Neighbors are allowed a certain amount of license. If the branches of your mango tree have strayed into your neighbor’s domain, some mangoes are bound to fall into his garden. If you are not helping him sweep the fallen leaves, you can’t really tell him not to pick the fruit. If there is good neighborliness all around, things are easy. You could ask him whether he wants you to chop off the invading branches and he could, by way of courtesy, ask you if it’s ok to keep some of the fallen fruit.
Not all neighbors are nice. What if one neighbor has a long history of jumping into your premises when you are not around or while you are asleep and taking off with a kehel kena or two? What if you are in the habit of tossing your garbage over the wall and into his garden? Then every dried leaf, every twig and even the sweetest melody that is whistled are bones of contention.
So we draw lines. Once lines are drawn there are laws. There are statutes that come into play. There is of course common sense. If the boy next door hits a rubber ball into your garden, it would be a bit much to charge him for intrusion or for trespassing if he walks in to pick up the ball. You either toss it back or tell him to come get it. If he picks a guava on his way in or out, you can smile or scowl or impose some kind of sanctions. On the other hand, if the boy makes a habit of walking in and stripping your trees and claim right to the fruit, that’s just not on.

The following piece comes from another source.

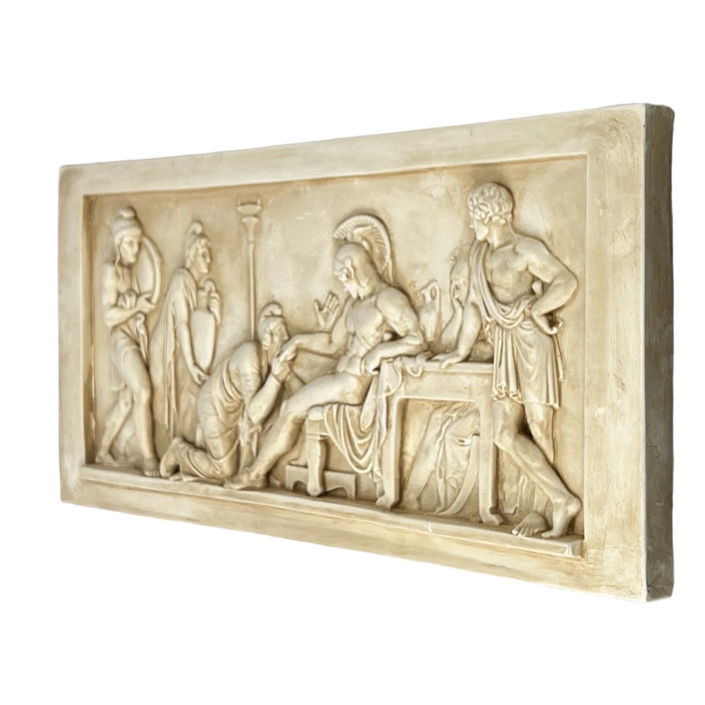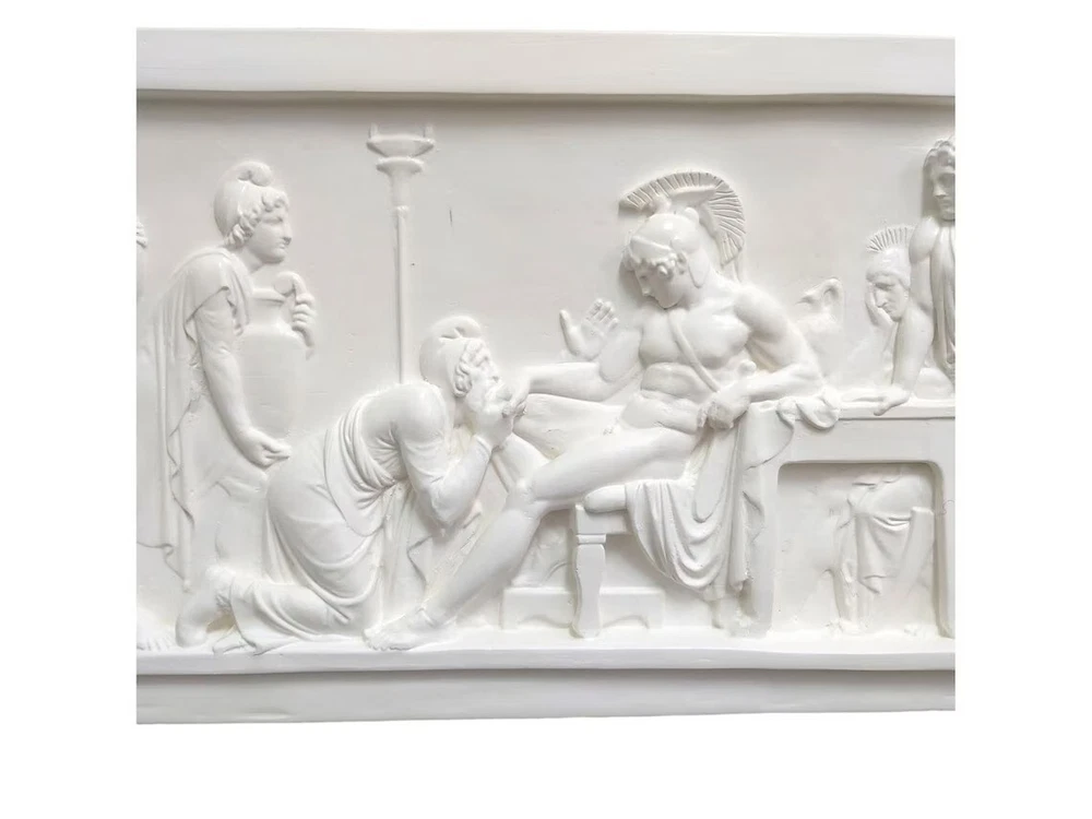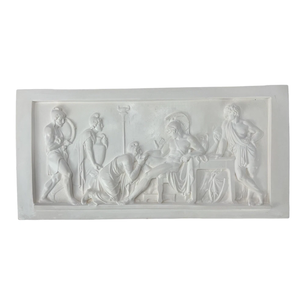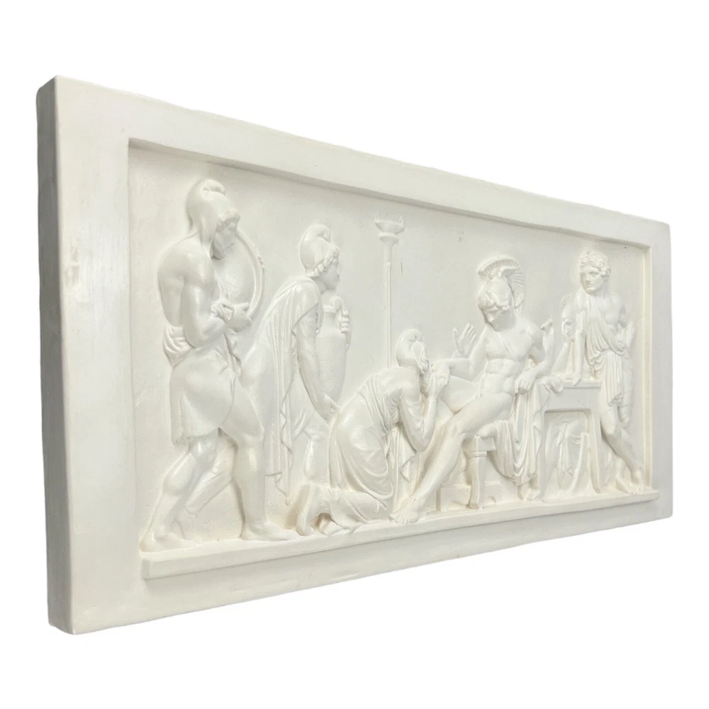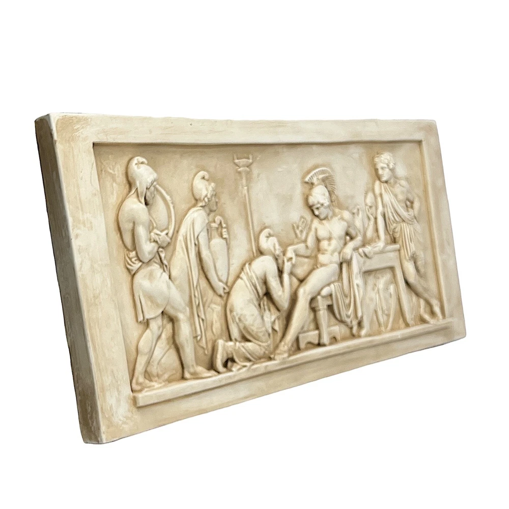 Priam Pleads with Achilles for Hector's Body Iliad Homer Relief Greek Sculpture Wall Decor Plaque Museum Copy During the siege of Troy Achilles’ friend Patroclus was killed by Hector, the Trojan king Priam’s son. As revenge Achilles therefore killed Hector. The relief depicts how the old king Priam begs Achilles on his knees to turn over the body of his son. The relief is unique with its rhythm of the three figures on the left that like in a filmic sequence ends in the kneeling figure of Priam, and also the distance – physically and mentally – which exists between the elevated Greek hero and the old king. The themes of the relief are on a general level humility and mercifulness. Achilles in the end gives in to the plea of the father and hands over the body of the son. HANDMADE IN GREECE - HAND PAINTED Dimensions (approximately) : Height : 25 cm (9.84 inches) Width : 50 cm (19.7 inches) Depth : 3 cm (1.18 inches) Weight : 3,14 Kg (6.92 lb) Material : Cast Stone - Hard Plaster The plaster we use is a 100% natural non-toxic Greek product and a material without any chemical additives. **The relief comes into 2 different versions. White and Patina (Aged) colour. Please write to us inbox which colour you prefer. Otherwise, the selection will be random. Thank you!** Professional packing - We take extra care in safely packing our fragile items to ensure safe delivery. HANDLING TIME We ship our orders within 1-2 business days after receiving your verified payment (Excluding Weekends and Public Holidays). ESTIMATED DELIVERY TIME In-stock items - We ship the product directly from our warehouse. The estimated delivery time given by the carrier is within 3 to 8 business days after the postal date. Express Delivery (1-3 business days) - For an additional charge available only for EUROPE buyers. RETURN POLICIES Our return policy is 14 days return or exchange. All returns must include all original items, original packaging, undamaged, unused and in re-saleable condition. Customers are responsible for return shipping costs. Shipping and handling fees are absolutely non-refundable. If 14 days have gone by since the delivery of your purchase, unfortunately we can’t offer you a refund or exchange. To be eligible for a return, your item must be unused and in the same condition that you received it. It must also be in the original packaging (outer and inner protections). In cases we are unable to identify you as the buyer, in order to complete your return, we require a receipt or proof of purchase. Please do not send your purchase back before we have reviewed your return case. In many cases, courier companies only require pictures of the damaged package and item in order to close a damage claim in our favor. There are certain situations where only partial refunds are granted (if applicable): CUSTOM DUTIES International Buyers – Please Note: a. Import duties, taxes and charges are not included in the item price. These charges are the buyer’s responsibility. b. Please check with your country’s customs office to determine what these additional costs will be prior to buying. c. There are not import taxes for transactions between E.U. countries. PROFESSIONAL PACKING We take extra care in safely packing our fragile items to ensure safe delivery. We ship decades of packages daily. We can ensure you that you will receive your order intact as so many other buyers of ours internationally. If nevertheless the item will be damaged in transit a replacement will be provided . RETURN SHIPPING You will be responsible for paying for your own shipping costs when returning your item. Shipping costs are non-refundable. Items sent as "Free Shipping" will also require you to pay for return shipping. If you receive a refund and the return was paid by us, the cost of return shipping will be deducted from your refund. In the cases of being our company at fault, please contact us as soon as possible in order to start the claim process with the shipping insurance. CANCELLATIONS (IF APPLICABLE) Please contact us as soon as possible if you would like to cancel your order. In the majority of cases cancellations are free of charge and eligible for a full refund. Cancellation is not possible if: -Item was shipped including pre-transit period in which shipping company is given the order to pick up and custody. -Item is customized (including any bespoke customization such as material, color, size or form). WRONG ADDRESS & UNDELIVERABLE PACKAGES - All items will be shipped to buyer's registered shipping address. Please double-check your shipping address before you place your order. - If your item was shipped to the wrong address, it would be returned to us and return shipping costs will be charged. Shipping costs are paid by receiver, except for items sent as "Free Shipping" for which receiver only pays for return cost. We can ship the item out again for you upon receiving the item back in the mail but we will need to charge the Standard shipping rates to post the order again -Unclaimed packages will not be refunded. FEEDBACK 1. If you are dissatisfied for any reason, please do not be quick to leave negative/neutral feedback. We work hard to make sure EVERY CUSTOMER 100% SATISFIED and resolve any problem for you. 2. If you are satisfied with the product you received, please leave us positive feedback and 5 stars of DSR. CONTACT US We are always ready to help. Send us your inquiry once and we will reply within 24 hours.

This is why it is laughable when Tamil Nadu Chief Minister Jayalalithaa says ‘repeated actions on the part of the Sri Lankan Navy in arresting Indian fishermen from Tamil Nadu undermine the confidence and goodwill which was sought to be built through direct talks between fishermen of the State and Sri Lanka’.
The lady is said to have written to Indian PM Manmohan Singh in agitation after 19 fishermen from Pudukottai and Ramanathapuram districts along with their 5 mechanized fishing boats were apprehended by the Sri Lankan Navy recently. Jayalalithaa said this had sent “shock waves throughout the entire fishermen community” in Tamil Nadu. Now that statement is quite a shocker. You cross the line, you pay. It’s simple. No shocks there.
Jayalalithaa is upset, it is reported, ‘by the attitude of the Sri Lankan government’. She is even more upset about ‘the inability of the Indian government to effectively protect their interests’. What is this ‘interest’? In a word, ‘poaching’. She is upset that Delhi is not aiding and abetting Tamil Nadu fisherman in poaching. Wow!
These arrests could compromise talks regarding the vexed issue of Indian fishermen poaching in Sri Lankan waters, the logical thing to do is to advise the fishermen not to stray. Giving the green light to poaching and imposing a red on arrest doesn’t really create an environment conducive to working out a solution.
Jayalalithaa should take a break. She should meditate on her house, her garden, and what’s licit and illicit, proper and improper for her neighbor when it comes to stepping into her premises. She could do better. She could try walking into a neighboring state and grabbing the harvest with a simple statement, ‘what I can take is mine’. She might get bitten by mongrels that irate farmers set on her. If she complains about losing a piece of her rear end, the dog-owners might just say ‘what they could bite off is theirs’.